[Recorded data]
________

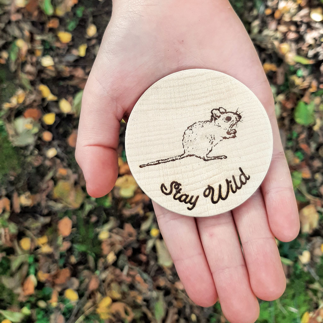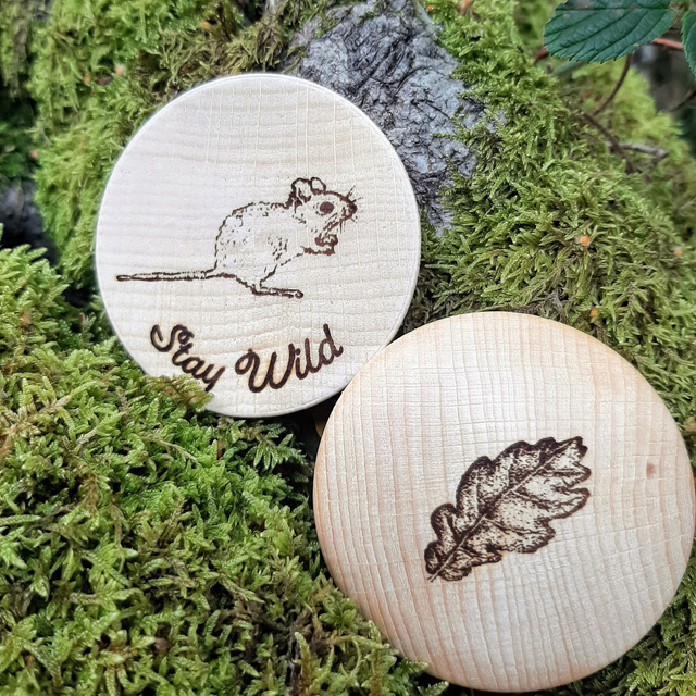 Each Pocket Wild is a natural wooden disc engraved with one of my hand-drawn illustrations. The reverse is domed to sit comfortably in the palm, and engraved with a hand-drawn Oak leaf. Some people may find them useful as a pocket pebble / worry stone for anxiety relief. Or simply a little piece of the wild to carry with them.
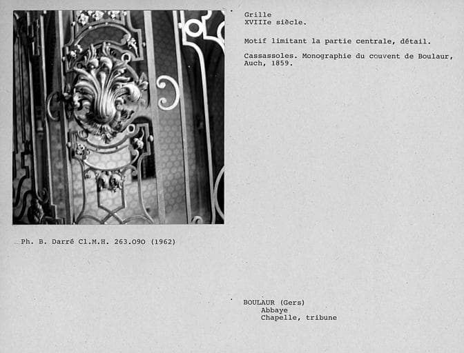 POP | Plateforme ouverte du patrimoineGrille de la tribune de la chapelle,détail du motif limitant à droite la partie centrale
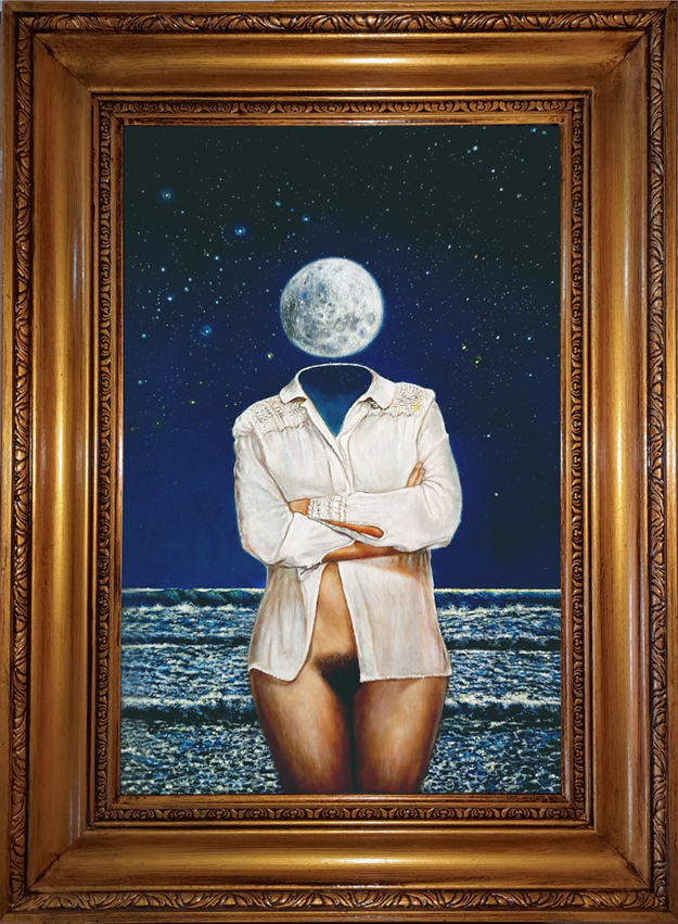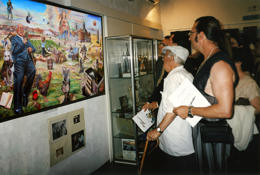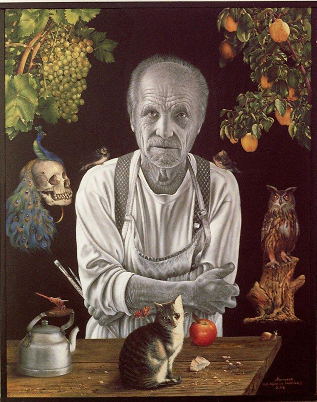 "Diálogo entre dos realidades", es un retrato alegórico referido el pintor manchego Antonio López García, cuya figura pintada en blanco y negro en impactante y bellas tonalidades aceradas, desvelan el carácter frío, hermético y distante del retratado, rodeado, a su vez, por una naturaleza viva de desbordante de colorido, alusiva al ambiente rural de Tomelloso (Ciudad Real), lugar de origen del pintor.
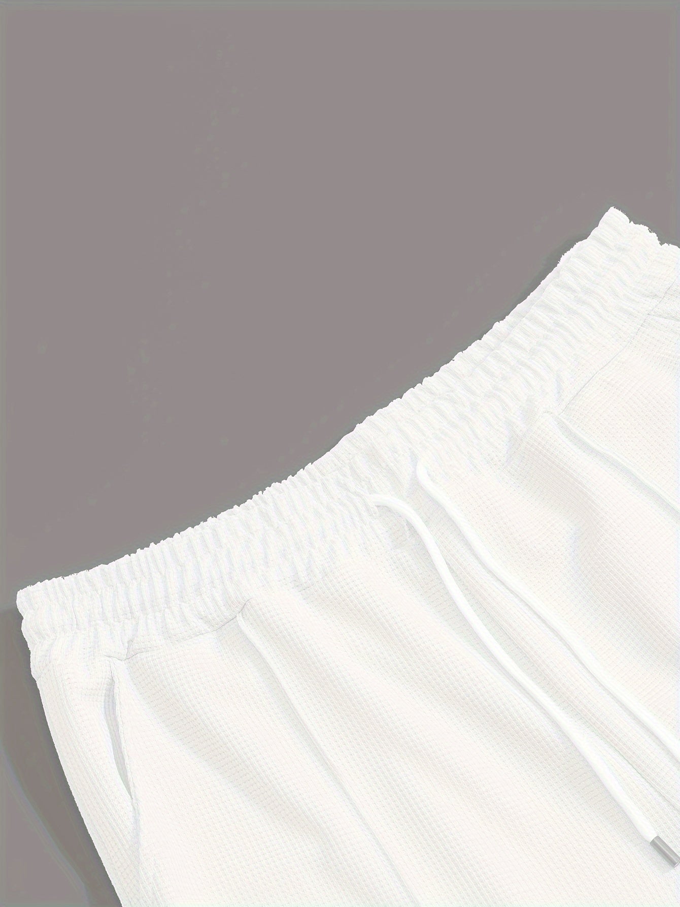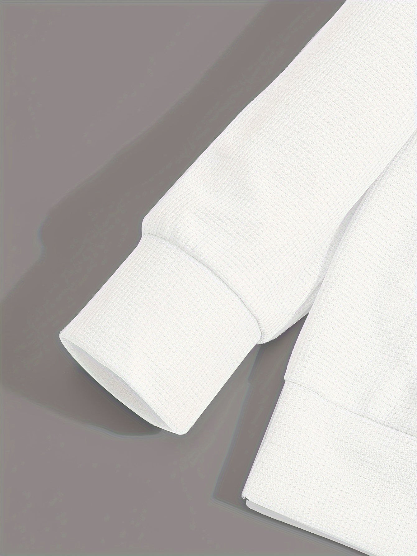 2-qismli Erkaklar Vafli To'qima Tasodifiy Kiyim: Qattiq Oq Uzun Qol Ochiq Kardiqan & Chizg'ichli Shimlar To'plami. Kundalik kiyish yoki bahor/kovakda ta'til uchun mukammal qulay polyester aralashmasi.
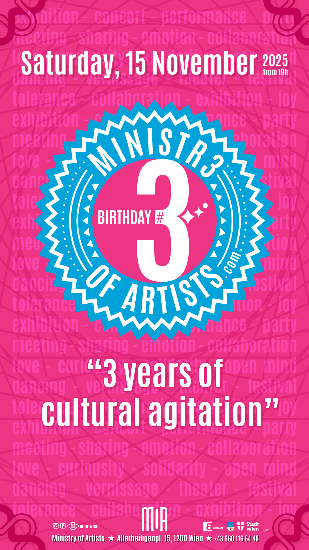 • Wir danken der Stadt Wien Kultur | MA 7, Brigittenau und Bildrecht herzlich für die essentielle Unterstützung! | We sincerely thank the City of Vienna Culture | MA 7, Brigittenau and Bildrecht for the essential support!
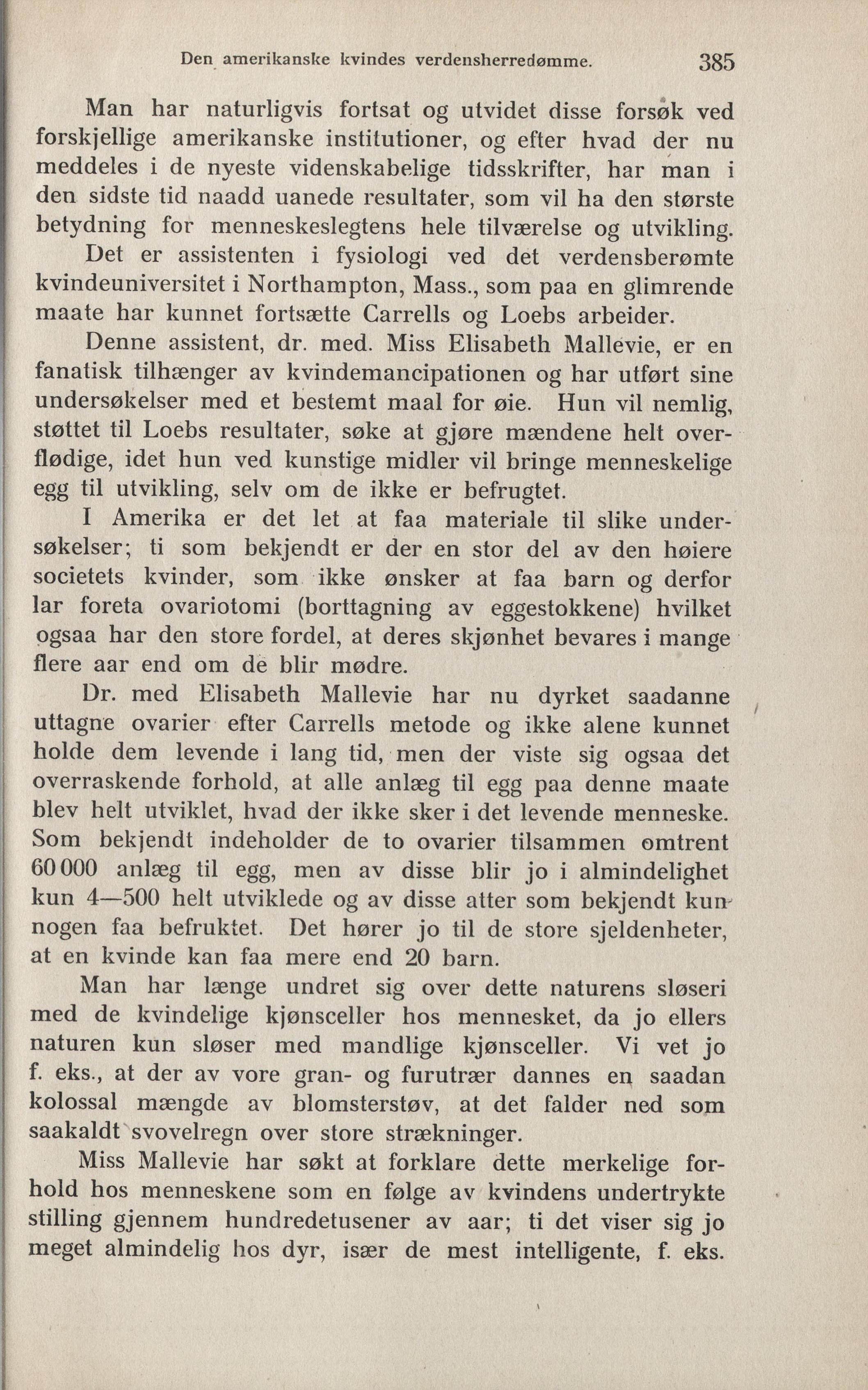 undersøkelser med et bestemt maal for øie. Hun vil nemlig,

________

A word-for-word copy of the lines from the one with "origen del pintor." through the last line of the data above is required, with both end lines included and no pictures.

 "Diálogo entre dos realidades", es un retrato alegórico referido el pintor manchego Antonio López García, cuya figura pintada en blanco y negro en impactante y bellas tonalidades aceradas, desvelan el carácter frío, hermético y distante del retratado, rodeado, a su vez, por una naturaleza viva de desbordante de colorido, alusiva al ambiente rural de Tomelloso (Ciudad Real), lugar de origen del pintor.
 2-qismli Erkaklar Vafli To'qima Tasodifiy Kiyim: Qattiq Oq Uzun Qol Ochiq Kardiqan & Chizg'ichli Shimlar To'plami. Kundalik kiyish yoki bahor/kovakda ta'til uchun mukammal qulay polyester aralashmasi.
 • Wir danken der Stadt Wien Kultur | MA 7, Brigittenau und Bildrecht herzlich für die essentielle Unterstützung! | We sincerely thank the City of Vienna Culture | MA 7, Brigittenau and Bildrecht for the essential support!
 undersøkelser med et bestemt maal for øie. Hun vil nemlig,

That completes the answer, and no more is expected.